Câmara Municipal deverá abrir debate sobre emancipação (Foto: Luiz Torres/DL)
Câmara Municipal deverá abrir debate sobre emancipação (Foto: Luiz Torres/DL)
Ontem, o presidente da Casa, vereador Marcelo Squassoni (PRB), que se mantém imparcial sobre a iniciativa, deixou claro que pretende abrir o Legislativo para que a população tenha livre manifestação sobre o assunto. “É muito cedo para eu me posicionar. Precisamos estudar a viabilidade econômica e ampliar a discussão. Vejo a Câmara, que é a casa do povo, como um ambiente ideal para abrirmos o debate. A ideia é ouvir os moradores”, disse Squassoni.

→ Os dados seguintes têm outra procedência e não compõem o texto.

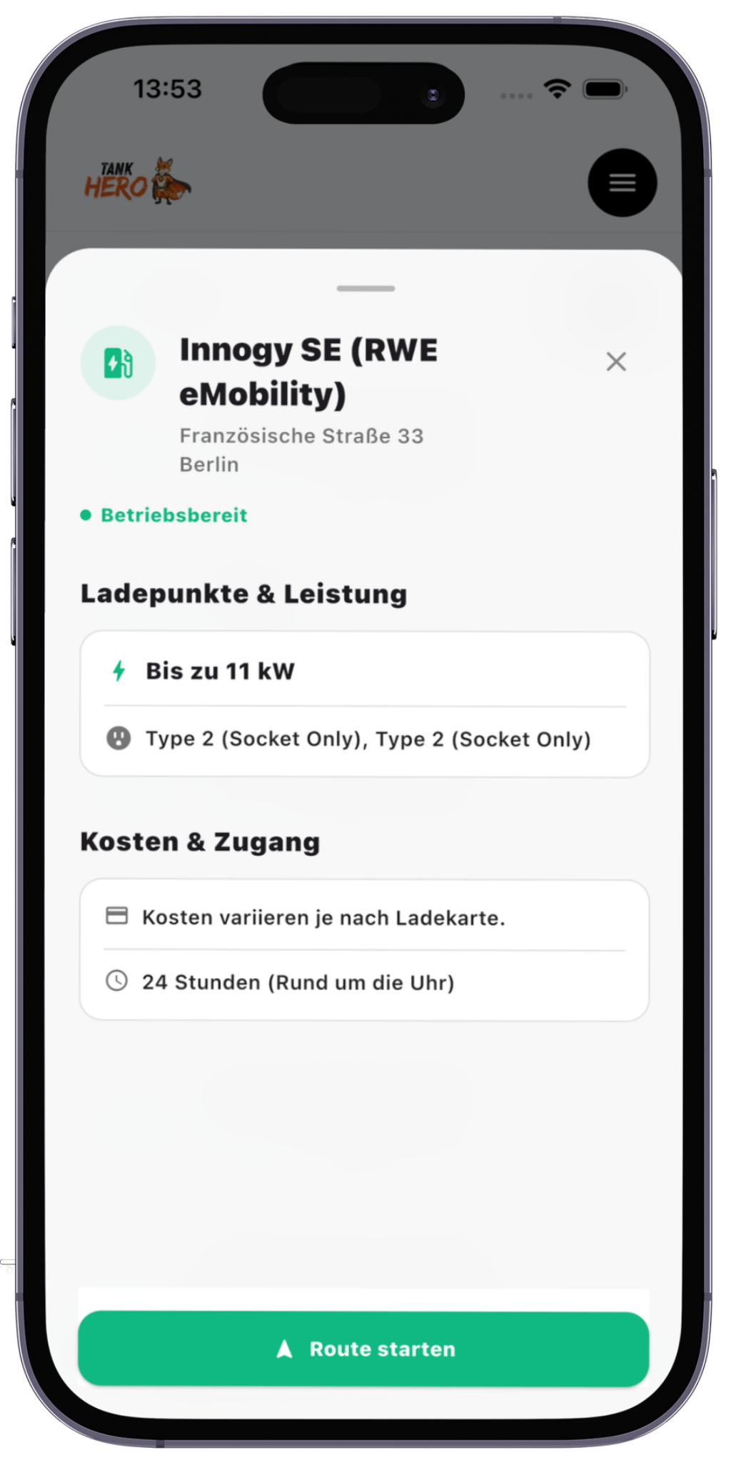E-Auto Fahrer aufgepasst: Wir zeigen dir Ladesäulen in deiner Nähe, Steckertypen und Ladeleistungen übersichtlich und in Echtzeit.
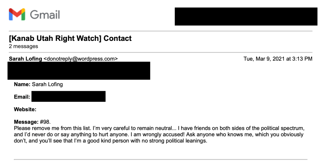 March 9, 2021 Sarah emailed with a request to be removed from Hatewatch. Sarah was offered removal after April 30, 2021 if she ceased engagement in bigotry and/or extremism. See resources for Reforming Extremists on Hatewatch.
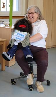 Maria Görg, eine Mitarbeiterin des Deutschen Roten Kreuzes, besuchte uns in der Kita. Dabei lernten wir, was es bedeutet, Leben zu retten. Bruno, die Handpuppe, die als Stellvertreter des Jugendrotkreuzes galt, begleitete uns durch den Tag.

Os moderados, que acreditam que é preciso ampla discussão, mantém declarações contidas, porém, não descartam aprovar a proposta, como revelou o vereador Luciano Lopes da Silva (PMDB), o Luciano China: “É preciso estudar a proposta, mas vejo com bons olhos a emancipação. Se o povo quiser, eu quero”, disse.

“Antes de tudo, seria interessante avaliar separadamente os totais de tributos arrecadados (Guarujá e Vicente de Carvalho) para saber se, com uma possível emancipação, o Itapema teria uma sustentabilidade financeira que permitisse sua independência político-administrativa”, revela Nelsinho Filho, do mesmo partido de China.

Do lado dos que já se posicionaram pela emancipação, as declarações foram “curtas e grossas”. Givaldo dos Santos Feitoza (Givaldo do Açougue - PSD) disse que o Distrito já possui vida própria e um “grande potencial econômico. Minha família e amigos são todos de Vicente de Carvalho e sou a favor”.

Outros três bem empolgados são Walter dos Santos (Nego Walter – PSB); Geraldo Soares Galvão (DEM) e Jailton Reis dos Santos (Sorriso – PPS). “O distrito tem todas as chances de sobreviver”, afirma Nego Walter. “Chega de migalhas. Nosso distrito quer mais”, revela Soares. “Vai melhorar para todos”, disse Sorriso.

Do lado contrário, o vereador Antônio Fidalgo Salgado Neto (Toninho Salgado – PDT) foi o mais contundente: “não podemos deixar de lembrar que isto acarretará em um aumento da despesa pública, com uma nova Prefeitura, Câmara e demais instituições. Para Guarujá, fica uma diminuição na arrecadação e um aumento na despesa, uma vez que a grande maioria dos serviços fica no município-sede”, afirma Salgado.

Câmara dos Deputados

A aprovação no início de junho, pela Câmara dos Deputados, do projeto de lei que permitirá a criação de 400 novos municípios no Brasil reacendeu uma antiga chama na região: a possibilidade de Vicente de Carvalho, com seus quase 150 mil habitantes, se tornar a 10ª cidade da Região Metropolitana da Baixada Santista.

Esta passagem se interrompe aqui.